Decrease in Noninterest Income; Increase in Noninterest Expenses

Noninterest income was $24.9 million during the second quarter of 2013 compared to $28.3 million during the second quarter of 2012, a decrease of $3.4 million or 12%. For the six-month period ended June 30, noninterest income was $51.3 million in 2013 compared to $51.7 million in 2012, a decrease of $340,000 or 1%. Although noninterest income was negatively affected by decreased securities gains and gains on sale of loans in both the quarterly and six-month comparative periods, these decreases were partially offset by increases in loan servicing income and other fee income categories. Gains on sale of loans totaled $9.1 million during the second quarter of 2013 compared to $12.7 million during the second quarter of 2012, a decrease of $3.6 million or 28%. During the first six months of 2013, gains on sale of loans totaled $19.0 million compared to $21.2 million during the first six months of 2012, a $2.2 million or 10% decrease. Gains on sale of loans result primarily from the gain or loss on sales of mortgage loans into the secondary market, related fees and fair value marks on the associated derivatives. The volume of residential mortgage loans sold totaled $445.5 million during the second quarter of 2013 compared to $360.7 million during the second quarter of 2012, and totaled $870.4 million during the first six months of 2013 compared to $604.6 million during the first six months of 2012. Securities gains totaled $2.1 million during the second quarter of 2013 compared to $5.0 million during the second quarter of 2012, and totaled $5.5 million during the first six months of 2013 compared to $8.9 million during the first six months of 2012. Offsetting, in part, the securities gains during the first six months of 2012 was an impairment loss on securities totaling $981,000 recorded during the first quarter of 2012. Other noninterest income totaled $1.4 million during the first six months of 2013 compared to $2.7 million during the first six months of 2012. Included in other noninterest income during the first quarter of 2012 was $2.0 million in equity earnings which resulted from the sale of two low-income housing projects within partnerships in which Dubuque Bank and Trust Company was a member.

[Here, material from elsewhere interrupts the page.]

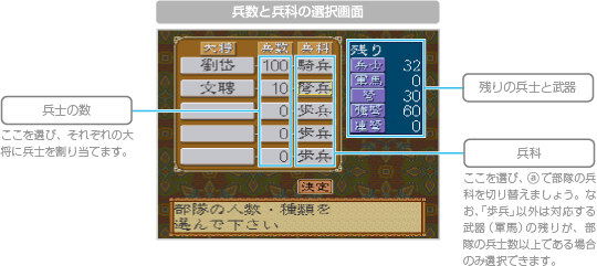 ※「軍馬」が対応する兵科は騎兵、「弩」が対応する兵科は弩兵です。 |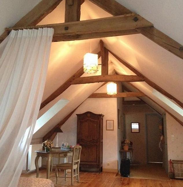 袁立的卧室空间超大而且装修围绕着原木色设计,太自然化了。白色的屋顶装饰更显得清爽自然,人字形的屋顶起到了高挑的作用,而且把整个空间的自然感都营造出来了。卧室还安装了一面特别有安全感的纱帘,满满的都是生活气息,很慵懒唯美。

Loan servicing income increased $1.0 million or 34% for the second quarter of 2013 as compared to the second quarter of 2012 as mortgage servicing rights income, which is influenced by market interest rates for home mortgage loans and the level of residential loans Heartland originates and sells into the secondary market, increased significantly. For the first six months of 2013 compared to the first six months of 2012, loan servicing income increased $2.7 million or 55%. Loan servicing income also includes the fees collected for the servicing of mortgage loans for others, which is dependent upon the aggregate outstanding balance of these loans, rather than quarterly production and sale of mortgage loans. Fees collected for the servicing of mortgage loans for others were $1.6 million during the second quarter of 2013 compared to $1.0 million during the second quarter of 2012, and $3.0 million during the first six months of 2013 compared to $2.0 million during the first six months of 2012. The portfolio of mortgage loans serviced for others by Heartland totaled $2.70 billion at June 30, 2013, compared to $1.78 billion at June 30, 2012.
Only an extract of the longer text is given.